Life After DadSec, Phoenix
If Rockstar 2FA is tied to FlowerStorm, it wouldn’t be the first time one online criminal service has been closely related to another. Researchers said the Rockstar 2FA phishing kit appears to be an update of both the DadSec phishing kit, which launched in May 2023, as well as Phoenix, which launched in late 2023.
Microsoft tracks DadSec using the codename Storm-1575 and in October 2023 reported that the operation was “responsible for some of the highest volumes of phishing attacks tracked by Microsoft since it was initially seen in May 2023.
Key to DadSec’s popularity was its “open registration process that lets large numbers of actors easily launch campaigns using ready-built phishing pages and domains,” Microsoft said.
Researchers say many phishing kits are used for multi-stage, adversary-in-the-middle – aka AiTM – attacks, designed to bridge multiple organizations, oftentimes in pursuit of business email compromise schemes.

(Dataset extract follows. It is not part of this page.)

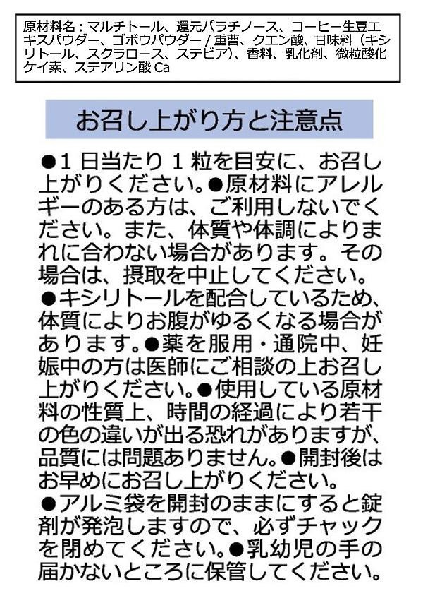 | 原材料 | 名称:コーヒー生豆エキスパウダー含有食品 マルチトール、還元パラチノース、コーヒー生豆エキスパウダー、ゴボウパウダー/重曹、クエン酸、 甘味料(キシリトール、スクラロース、ステビア)、香料、乳化剤、微粒酸化ケイ素、ステアリン酸Ca |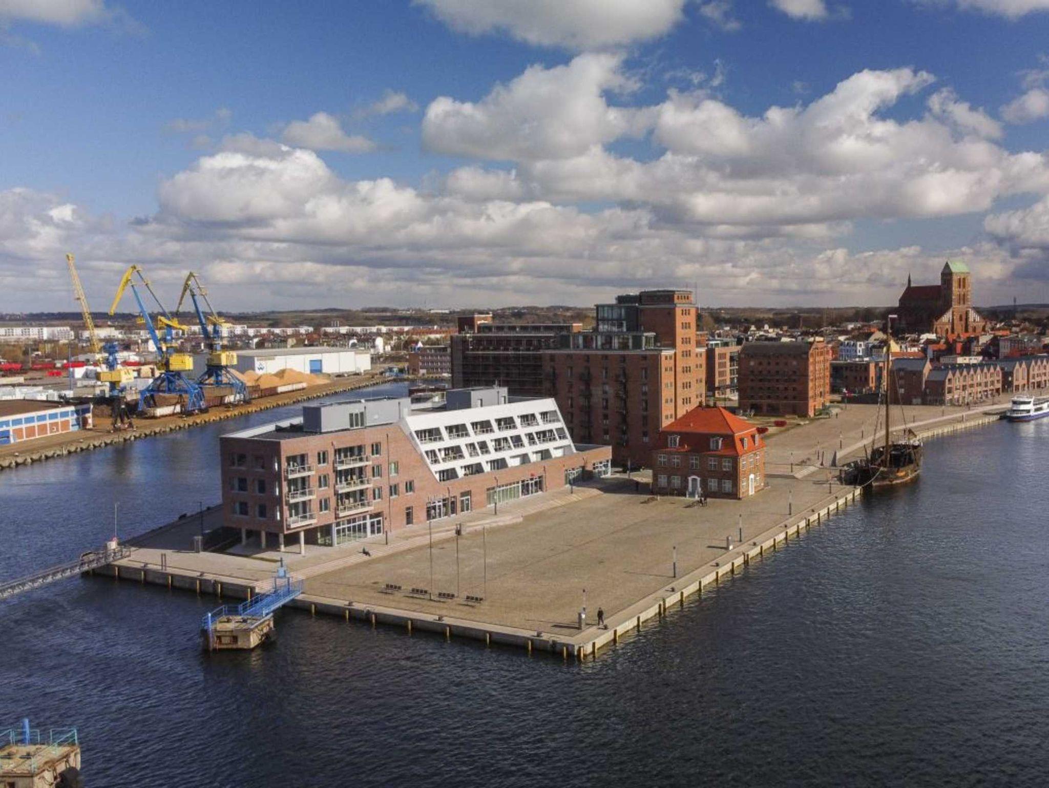Direkt am Alten Hafen der Hansestadt Wismar, befindet sich als Nachbargebäude zum restaurierten Ohlerich Speicher die neu erbaute Luxus Ferienwohnanlage “Hafenspitze“. Es erwarten Sie insgesamt 39 hotelähnliche, exklusive Ferienappartements jeweils mit Balkon, Loggia oder Terrasse. Bei den exzellenten Appartements handelt es sich um 2- und 3-Zimmer Wohnungen von 42qm bis 99qm Wohnfläche in hochwertiger Ausstattung. Alle Appartements verfügen über Fußbodenheizung. Die Wohneinheiten unterteilen sich über drei Geschosse und sind bequem mit dem Fahrstuhl erreichbar. Einige der Feriendomizile sind barrierearm konzipiert. Kostenfreie WLAN-Nutzung ist selbstverständlich. Fahrradabstellmöglichkeit in begrenzter Anzahl sind vorhanden. Jede Ferienwohnung bietet die Aussicht auf das Hafengebiet und die Ostsee. In der Hafenspitze befinden sich zudem eine BAIS-Gäste-Rezeption sowie Gastronomie und diverse kleine Shops. Sie verbringen Ihren Aufenthalt in maritimer Umgebung und gelangen in wenigen Gehminuten zur Altstadt von Wismar mit historischen Bauten und Kirchen der Backsteingotik mit Aussichtsplattform und Blick über die Hansestadt.

“Adversary-in-the-middle is a type of attack that aims to intercept authentication between users and a legitimate authentication service for the purpose of compromising identities or performing other actions,” Microsoft said.
In some cases, attackers use a compromised email account inside one organization in pursuit of high-value targets both inside and outside the same organization, it said. Such phishing communications coming from a legitimate – albeit compromised – email account can make them more difficult for a recipient to spot.